THE TASK: Every line containing "Civil" should be copied out. Go through the entries and find them.

DATA:
-=-=-=-=-
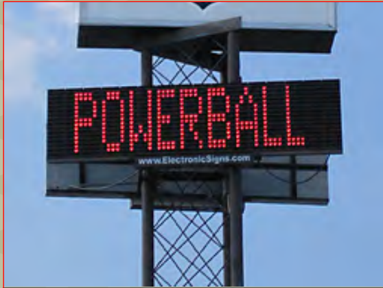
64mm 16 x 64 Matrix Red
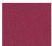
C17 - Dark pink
-=-=-=-=-
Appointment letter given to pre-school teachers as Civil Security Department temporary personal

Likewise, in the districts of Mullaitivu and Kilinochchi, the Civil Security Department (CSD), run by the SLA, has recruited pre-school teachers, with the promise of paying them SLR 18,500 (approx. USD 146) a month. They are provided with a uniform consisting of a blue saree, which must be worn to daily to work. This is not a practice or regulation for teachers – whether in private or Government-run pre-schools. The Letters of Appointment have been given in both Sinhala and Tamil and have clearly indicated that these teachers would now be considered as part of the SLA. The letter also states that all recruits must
-=-=-=-=-
PROBLEM SOLUTION:
Appointment letter given to pre-school teachers as Civil Security Department temporary personal
Likewise, in the districts of Mullaitivu and Kilinochchi, the Civil Security Department (CSD), run by the SLA, has recruited pre-school teachers, with the promise of paying them SLR 18,500 (approx. USD 146) a month. They are provided with a uniform consisting of a blue saree, which must be worn to daily to work. This is not a practice or regulation for teachers – whether in private or Government-run pre-schools. The Letters of Appointment have been given in both Sinhala and Tamil and have clearly indicated that these teachers would now be considered as part of the SLA. The letter also states that all recruits must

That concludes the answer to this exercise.